Leaving aside the consequences of focal lesion, the size and light response of pupils can give a hint to the level of brain lesions causing impaired consciousness and coma. Small but reactive pupils are observed in case of metabolic encephalopathies but also in diencephalic lesions. Pretectal lesions cause large and fixed pupils. Lesions at the midbrain level lead to midposition of fixed pupils, whilst pontine lesions are associated with the pupil’s pinpoint size. The ciliospinal reflex, assessed by pinching the skin of neck or face, can also be used as a spinobulbar response.

The bedside evaluation of patients with subacute or chronic alterations of consciousness consists also of careful neuropsychiatric examination supplemented with special neuropsychologic test attempting to find out behavioural changes indicative of improving consciousness which can be used for further specific treatment measures. Alterations of consciousness appear in the context of extensive cerebral functional disturbances affecting both arousal system and sensory–motor pathways as set out above. To recognise the presence of consciousness poses a great challenge considering severe concomitant motor constraints impeding behaviour necessary for interpersonal exchange.

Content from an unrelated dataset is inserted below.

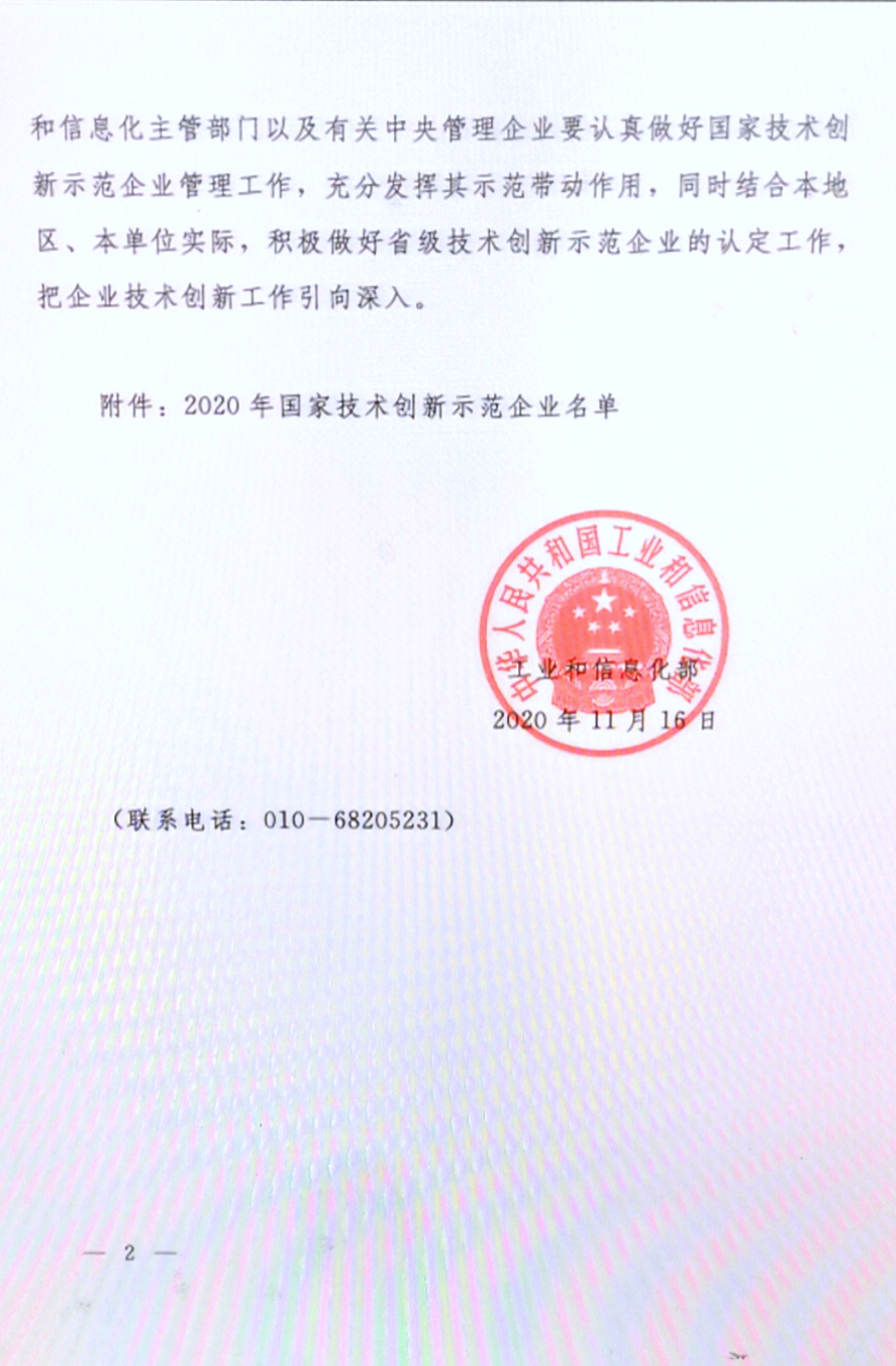 近日,,根据《国家工业和信息化部关于公布2020年国家技术创新示范企业名单的通知》(工信部科〔2020〕174号)文件,,,漳州雀魂光电子科技有限公司榜上有名,,是福建省唯一一家上榜该荣誉的企业。。

First, stirrings of relapsing of consciousness functions are reactions to so-called visual and auditive autoreferential stimuli. Sustained visual tracking is one of the main clinical signs of responsiveness recovery. Many of the below-mentioned behavioural scales established the capability of visual fixation as a criterion for distinguishing VS from MCS. Its assessment is difficult because of fluctuations of patient responsiveness and different assessment tools. The various scales use different stimuli which range from baby photos (SMART) to different objects (DOCS), persons (WHIM) and light flashes (CNC), or confine themselves to observation of spontaneous eye movements (WNSSP) [15]. Use of mirrors shows a higher frequency of fixation compared to other stimuli and constitutes a very sensitive test [16, 17]. This has been confirmed by eye-tracking recordings [18]. Thereto, similarly autoreferential is the sound localization reflex. The most potent stimulus regarding this is one’s own name [19]. The own name is a signal of more significant information content shown in a range of studies. Babies are already automatically responsive to their names demonstrating strong degree of attention [20–22]. Even awaking from general anaesthesia, one’s own name creates reactions before pain reactions emerge [23].